# SBC to become "Great Commission Baptists"



## Andres (Feb 20, 2012)

Tonight the SBC's taskforce to study the possibility of a name change released their official report. From the Baptist Press:



> The task force appointed to study a possible name change of the Southern Baptist Convention is recommending that the convention maintain its legal name but adopt an informal, non-legal name for those who want to use it: Great Commission Baptists.
> 
> The name "Southern," task force chairman Jimmy Draper said, is a barrier to the Gospel in some regions of the country. The task force was appointed by Southern Baptist Convention President Bryant Wright.
> 
> ...



You can read the entire article here. 


Growing up in Texas my whole life, I never considered "Southern" to be a bad word, but what do I know.


----------



## Edward (Feb 20, 2012)

Andres said:


> Growing up in Texas my whole life, I never considered "Southern" to be a bad word, but what do I know.

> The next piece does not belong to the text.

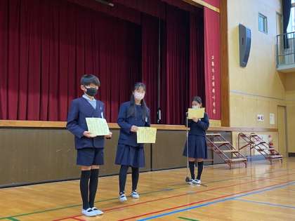 年賀状コンクールの表彰では、まず各学年2位の人の名前が呼ばれ、続いて1位の人の発表と表彰がありました。今年も素敵な作品がたくさん並んだ年賀状コンクール。みごと1位になったみなさん、おめでとうございます!
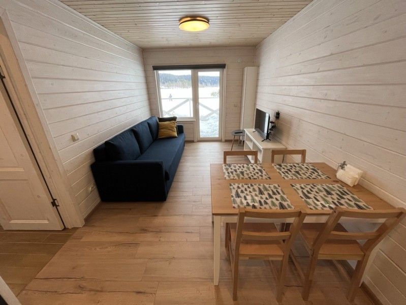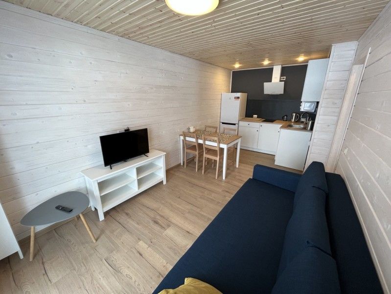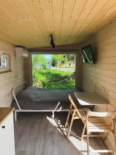 Дом способен принять 4 взрослых, также есть детская кроватка. Дом внутри: гостиная-кухня (раскладной двуспальный диван), отдельная спальня с двуспальной кроватью, санузел, прихожая и терраса.

Some of us aren't offended when we are called 'Crackers' either.


----------



## Southern Presbyterian (Feb 20, 2012)

Looks like they got their "gnat strainer" out is all. Much ado about nothing.


----------



## VictorBravo (Feb 20, 2012)

Actually, up in the Northwest, "Southern Baptist" has negative connotations among many. But, I seriously doubt changing the name would help anything among the unchurched scoffers around here.

"Evangelical Christian" has about the same negative connotation as well. 

But Krispy Kreme donuts have a good reputation up here. I understand they originated in the South. Maybe the SBC should check out licensing that name from them instead.


----------



## Pergamum (Feb 21, 2012)

A body claiming universal truth ought not to have only a regional name (same goes for Roman Catholics, a contradiction in terms, since one cannot both be catholic and roman only)....


----------



## Jeffriesw (Feb 21, 2012)

Edward said:


> Andres said:
> 
> 
> > Growing up in Texas my whole life, I never considered "Southern" to be a bad word, but what do I know.
> ...









Southern Presbyterian said:


> Looks like they got their "gnat strainer" out is all. Much ado about nothing.


----------



## JS116 (Feb 21, 2012)

Sounds lame if you ask me..but then again nobody did so I'll keep out


----------



## J. Dean (Feb 21, 2012)

Here's my question: why be called the "Great Commission Baptists?" 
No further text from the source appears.